+++ EXCERPTED DATA +++

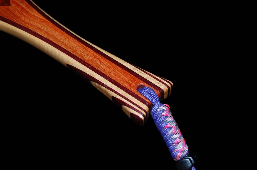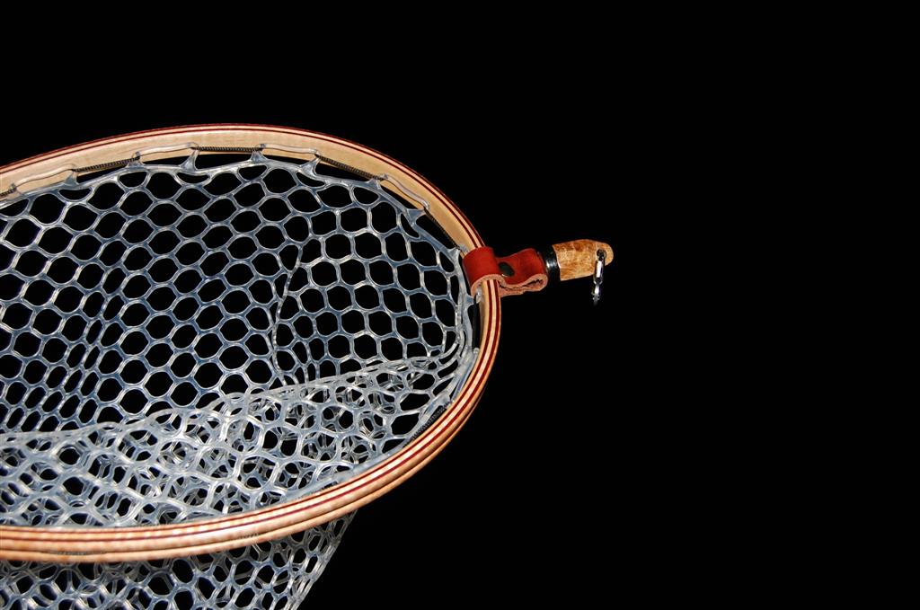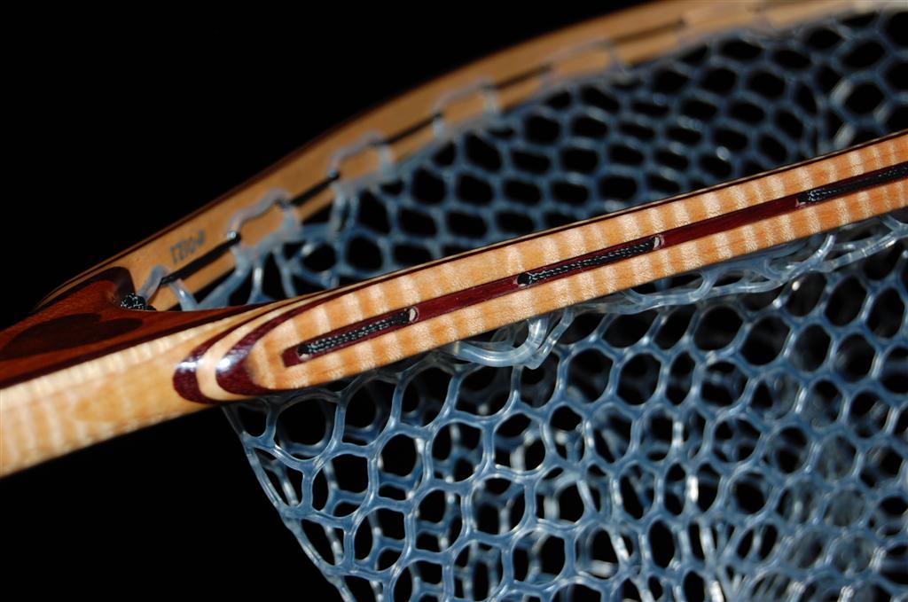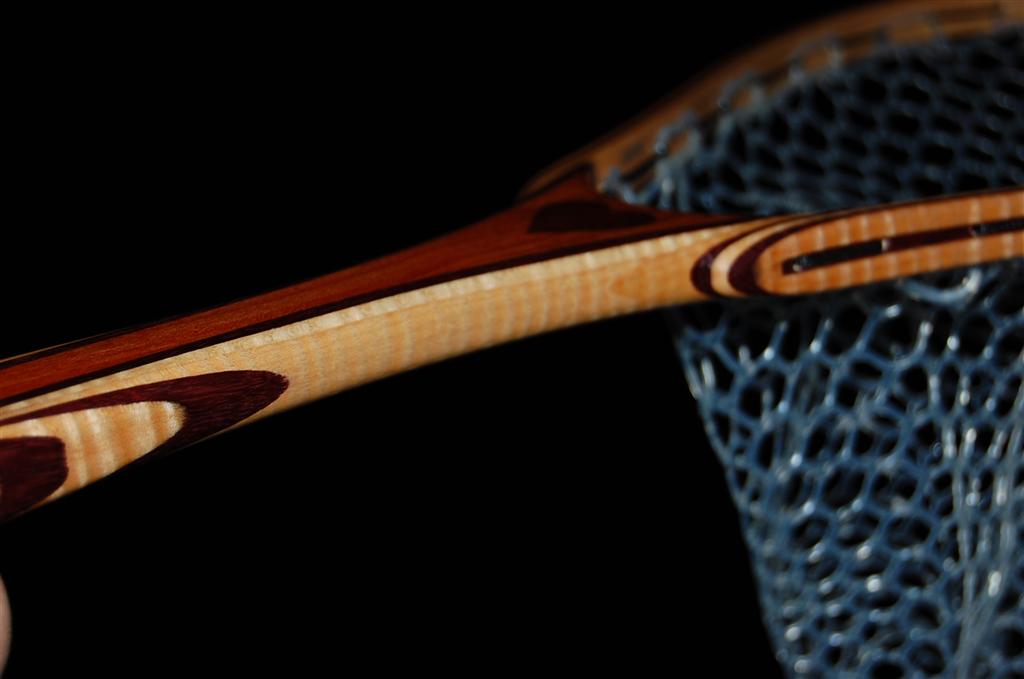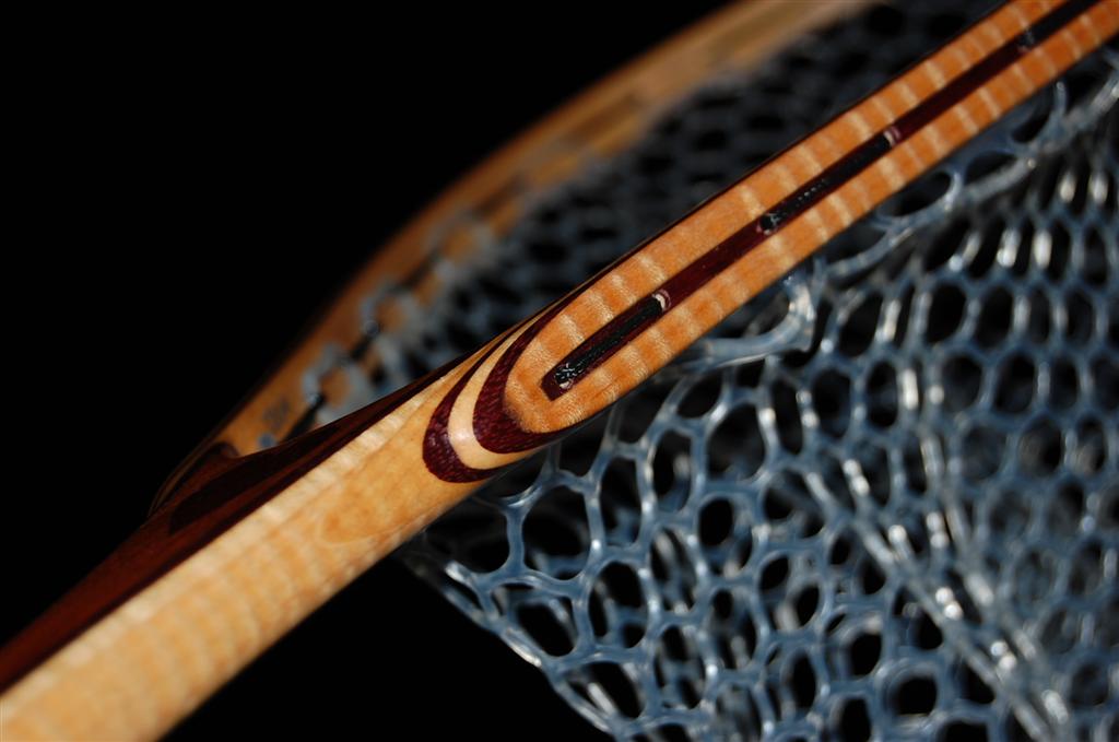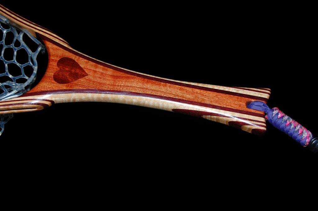 This net is made from a repurposed piece of urban Carob firewood. The heart is inlaid into the Carob using Bloodwood. The hoop is Purpleheart & Curly Maple. The Latigo Leather Magnetic Net Release is made of Maple Burl. This net was bought by an avid fly fisherman for his fly fisherwoman. The hand-tied Lanyard was selected to make a bold statement. The Purple Heart does just that!
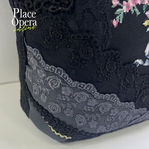 様々なレースを使い、重厚感がありながらも大変軽く仕上がっており、気軽なお出掛けから観劇などの特別な日まで。多くのシーンで持っていただきたいバッグです。
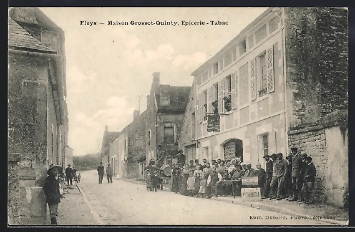 AK Fleys, Maison Grosset-Quinty, Épicerie, Tabac avec groupe de villageois devant le magasin
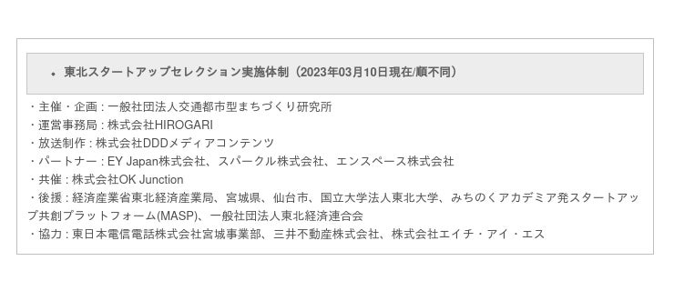 東北スタートアップセレクション 公式YouTubeチャンネル
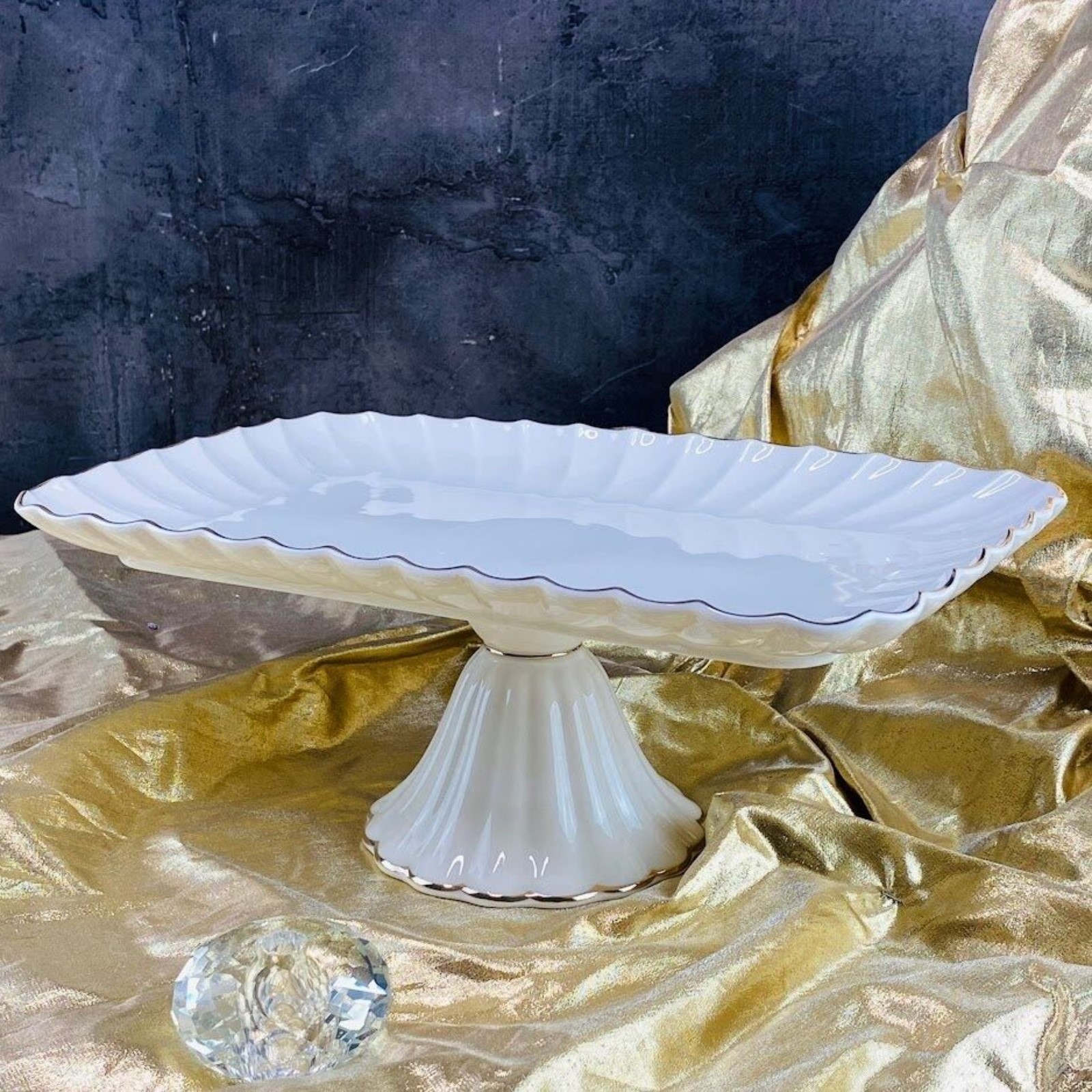 Блюдо прямоугольное Lenardi, на ножке, фарфор, длина 35.5 см

+++

A word-for-word copy of the entries above is needed, with every picture dropped.

### REPLY
 This net is made from a repurposed piece of urban Carob firewood. The heart is inlaid into the Carob using Bloodwood. The hoop is Purpleheart & Curly Maple. The Latigo Leather Magnetic Net Release is made of Maple Burl. This net was bought by an avid fly fisherman for his fly fisherwoman. The hand-tied Lanyard was selected to make a bold statement. The Purple Heart does just that!
 様々なレースを使い、重厚感がありながらも大変軽く仕上がっており、気軽なお出掛けから観劇などの特別な日まで。多くのシーンで持っていただきたいバッグです。
 AK Fleys, Maison Grosset-Quinty, Épicerie, Tabac avec groupe de villageois devant le magasin
 東北スタートアップセレクション 公式YouTubeチャンネル
 Блюдо прямоугольное Lenardi, на ножке, фарфор, длина 35.5 см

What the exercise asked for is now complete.